Ante este panorama desolador, los puertorriqueños y puertorriqueñas que procuramos crear las condiciones para que tengamos una vida más digna, debemos evaluar nuestra gestión para hacerla más eficaz y certera. Un movimiento sindical débil y dividido no podrá nunca enfrentar a las poderosas fuerzas del mercado. Si añadimos a esto la falta de respuesta de otros sectores progresistas a crisis como la que acabamos de vivir, es fácil entender por qué las mayorías populares salimos derrotadas en nuestras luchas políticas. En el debate sobre la crisis fiscal se dejó prácticamente solo al sector sindical enfrentando a los grandes intereses, cuando es un asunto que afecta directamente a todos los puertorriqueños.

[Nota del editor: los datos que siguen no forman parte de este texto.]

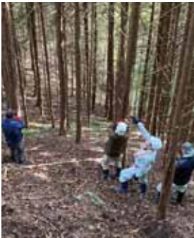
11月11日 切石区有林(うご洞)の立木調査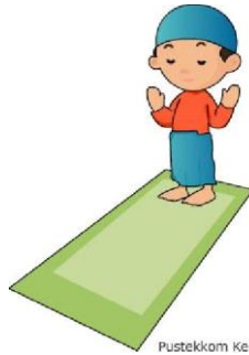
Pustekkom Kemdikbud © 2012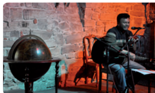
miejsce: Klub Lapidarium, Kino „Starówka”

- zapraszamy pasjonatów egzotyki, odległych, a czasem i bliskich geograficznie krajów na spotkania z tymi, dla których podróże to sposób na życie. Projekcje filmów i slajdów oraz opowieści i anegdoty tych, dla których często ważniejsza jest droga, a nie cel.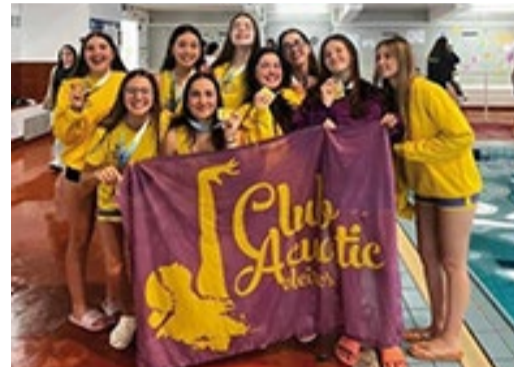
■ NATACIÓN ARTÍSTICA Club Acuatic Oleiros, campioas galegas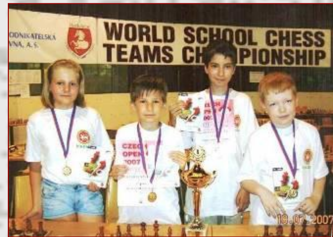
Победители чемпионата мира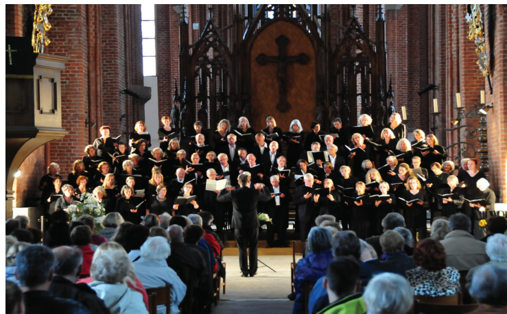
Konzert des Bremer RathsChors in der St.Petri-Kirche zu Riga

Noch ganz erfüllt sind viele Chormitglieder von ihren Eindrücken, die sie bei der Konzertreise in die lettische Hauptstadt Riga gewinnen konnten. Von den incl. Hin- und Rückreise fünf Tagen war der Bremer RathsChor an drei Tagen bei eigenen Konzerten aktiv. Das erste fand in der St. Petri-Kirche in Rigas altem Zentrum statt, in der das „Licht“-Programm gesungen wurde, das der Chor zuvor in Syke aufgeführt hatte.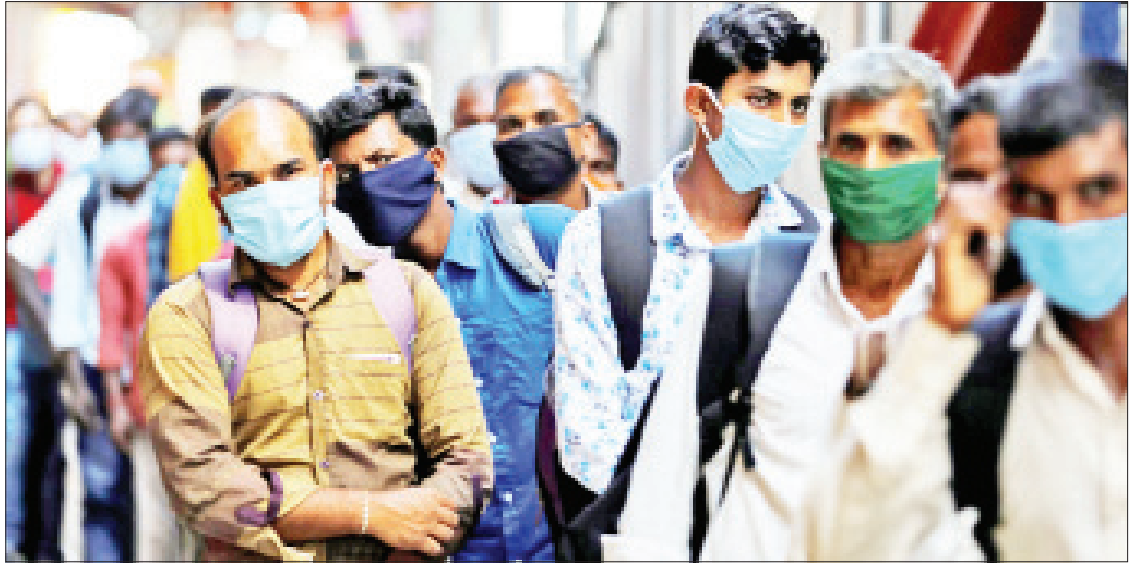
၁၆ ရက်မှ စတင်ဆောင်ရွက်ခဲ့ပြီး ကာကွယ် ဆေးအလုံးရေ သန်း ၁၇၀ ကျော်ကို နိုင်ငံသားများအား ထိုးနှံပေးခဲ့ကြောင်း သိရသည်။ နိုင်ငံအတွင်း ကိုဗစ်-၁၉ ရောဂါ ရှိ မရှိ စစ်ဆေးသောနေရာများကို သန်းကျော် တိုးချဲ့ဖွင့်လှစ်ခဲ့ပြီး ၃၀၃ သန်းကျော် အား စစ်ဆေးဆောင်ရွက်ခဲ့ကြောင်း သိရ သည်။ ကိုးကား-ဆင်ပွား ဘာသာပြန်-စိုးသူရ

နယူးဒေလီမြို့၌ မေ ၁၇ ရက်အထိ အကျုံးဝင်သော တတိယအကြိမ်မြောက် အသွားအလာကန့်သတ်မှုကို ချမှတ်ထား ပြီး ကိုဗစ်-၁၉ ရောဂါ ကူးစက်ပျံ့နှံ့မှုများ မြင့်တက်နေသောကြောင့် စာမေးပွဲများ ကို အချိန်ရွှေ့ဆိုင်းခြင်းနှင့် ဖျက်သိမ်း ခြင်းတို့ကို ဆောင်ရွက်ခဲ့သည်။ ပြီးခဲ့သည့် သီတင်းပတ်များမှစတင်ပြီး နေ့စဉ် ကိုဗစ်-၁၉ ရောဂါအတည်ပြုကူးစက် ခံရသူအရေအတွက် မြင့်တက်လာခဲ့သည်။ အိန္ဒိယနိုင်ငံ၌ ကိုဗစ်-၁၉ ရောဂါ ကာကွယ်ဆေးထိုးလုပ်ငန်းကို ဇန်နဝါရီ

En el Sindicato Internacional de Empleados de Servicio (SEIU) entendemos que nuestra misión es procurar mejorar las vidas de los trabajadores y sus familias, y ayudar a construir una sociedad más justa y humana. Ante la debilidad relativa, salvo algunas excepciones, del movimiento sindical a nivel mundial entramos -a partir de nuestra convención de junio de 2004- en un proceso de cambios para procurar cumplir con dicha misión.

Para ello definimos siete áreas en las que, desde nuestro punto de vista, necesitamos trabajar. Estas áreas son; fortalecimiento político, fortalecimiento en la organización por industria, fortalecimiento nacional, fortalecimiento global, fortalecimiento comunitario, fortalecimiento de uniones locales. En ánimo de promover el necesario debate que debemos tener para superar nuestras debilidades, procuraremos desde esta columna describir las estrategias que hemos desarrollado en cada una de estas áreas en nuestras próximas intervenciones.